++++ Extracted data ++++

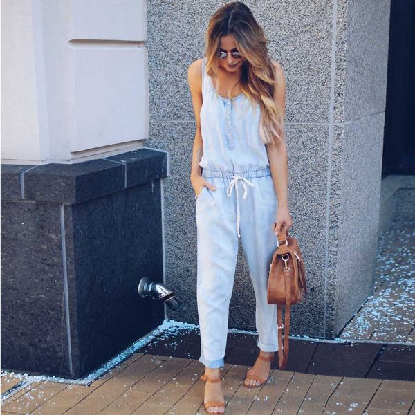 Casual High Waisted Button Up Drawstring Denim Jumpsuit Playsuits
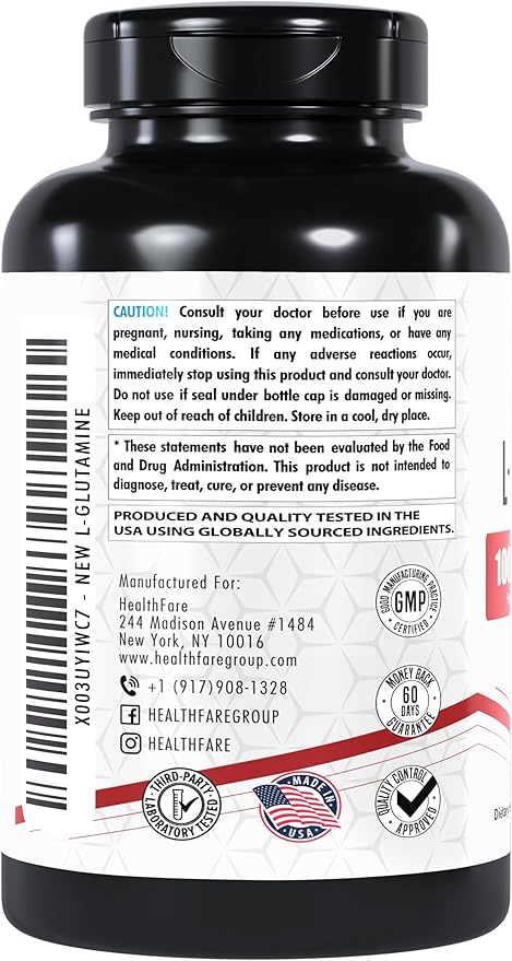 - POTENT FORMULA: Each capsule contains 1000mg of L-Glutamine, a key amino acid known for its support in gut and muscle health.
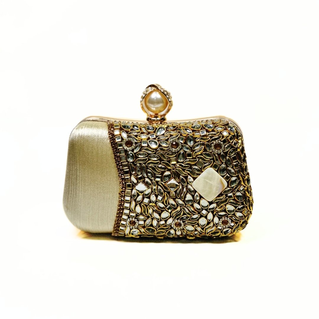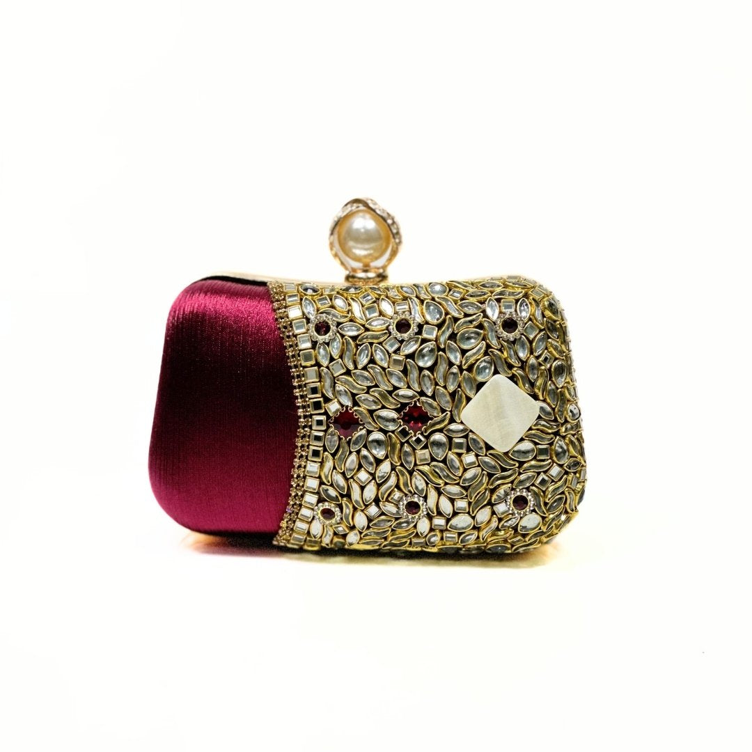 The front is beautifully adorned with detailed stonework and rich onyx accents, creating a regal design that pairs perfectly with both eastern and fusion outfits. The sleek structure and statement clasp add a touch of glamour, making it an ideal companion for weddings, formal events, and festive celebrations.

++++
++++ Extracted data ++++

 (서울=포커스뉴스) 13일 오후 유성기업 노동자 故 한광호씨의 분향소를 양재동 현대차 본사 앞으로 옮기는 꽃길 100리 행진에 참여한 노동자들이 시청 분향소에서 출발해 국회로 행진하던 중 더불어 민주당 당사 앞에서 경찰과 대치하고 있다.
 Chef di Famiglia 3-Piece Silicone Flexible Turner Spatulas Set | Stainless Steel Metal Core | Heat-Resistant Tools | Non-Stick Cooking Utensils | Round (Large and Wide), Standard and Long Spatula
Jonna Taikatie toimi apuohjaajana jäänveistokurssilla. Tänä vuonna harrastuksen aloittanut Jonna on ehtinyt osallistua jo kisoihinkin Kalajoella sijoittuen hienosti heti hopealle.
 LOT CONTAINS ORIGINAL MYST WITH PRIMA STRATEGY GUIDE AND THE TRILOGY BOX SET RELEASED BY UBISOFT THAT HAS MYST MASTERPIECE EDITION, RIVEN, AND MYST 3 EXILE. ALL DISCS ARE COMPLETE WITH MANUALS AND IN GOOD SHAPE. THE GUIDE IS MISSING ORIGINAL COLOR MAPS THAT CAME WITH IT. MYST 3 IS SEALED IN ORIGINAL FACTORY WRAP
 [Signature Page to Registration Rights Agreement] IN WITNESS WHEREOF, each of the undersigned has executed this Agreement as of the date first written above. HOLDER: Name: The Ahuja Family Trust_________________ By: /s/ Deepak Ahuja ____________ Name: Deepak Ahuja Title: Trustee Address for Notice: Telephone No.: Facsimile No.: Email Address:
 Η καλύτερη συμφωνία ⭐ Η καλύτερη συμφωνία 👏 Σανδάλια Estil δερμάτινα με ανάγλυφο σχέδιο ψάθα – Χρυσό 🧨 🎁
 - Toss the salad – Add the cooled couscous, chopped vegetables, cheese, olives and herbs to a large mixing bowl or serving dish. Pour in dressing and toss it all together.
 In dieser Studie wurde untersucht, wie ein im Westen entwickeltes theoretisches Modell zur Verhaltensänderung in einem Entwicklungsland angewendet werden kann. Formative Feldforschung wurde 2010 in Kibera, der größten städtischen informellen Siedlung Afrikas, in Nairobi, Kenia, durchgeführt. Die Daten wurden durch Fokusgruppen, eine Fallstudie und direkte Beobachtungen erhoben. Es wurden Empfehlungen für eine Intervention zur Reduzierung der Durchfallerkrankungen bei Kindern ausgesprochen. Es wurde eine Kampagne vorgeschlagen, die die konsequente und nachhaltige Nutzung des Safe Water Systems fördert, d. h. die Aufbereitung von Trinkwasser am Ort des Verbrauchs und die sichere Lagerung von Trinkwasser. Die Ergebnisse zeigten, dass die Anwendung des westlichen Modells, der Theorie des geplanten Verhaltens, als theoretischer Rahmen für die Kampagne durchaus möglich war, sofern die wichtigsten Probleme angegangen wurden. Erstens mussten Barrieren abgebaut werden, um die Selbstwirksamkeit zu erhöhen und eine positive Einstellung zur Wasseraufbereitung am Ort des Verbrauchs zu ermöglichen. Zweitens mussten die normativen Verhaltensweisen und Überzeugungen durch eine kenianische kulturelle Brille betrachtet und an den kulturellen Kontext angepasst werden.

++++

Leaving pictures out, output the lines of the data above from the one with "Casual High Waisted" through the one with "The front is", word for word.

 Casual High Waisted Button Up Drawstring Denim Jumpsuit Playsuits
 - POTENT FORMULA: Each capsule contains 1000mg of L-Glutamine, a key amino acid known for its support in gut and muscle health.
 The front is beautifully adorned with detailed stonework and rich onyx accents, creating a regal design that pairs perfectly with both eastern and fusion outfits. The sleek structure and statement clasp add a touch of glamour, making it an ideal companion for weddings, formal events, and festive celebrations.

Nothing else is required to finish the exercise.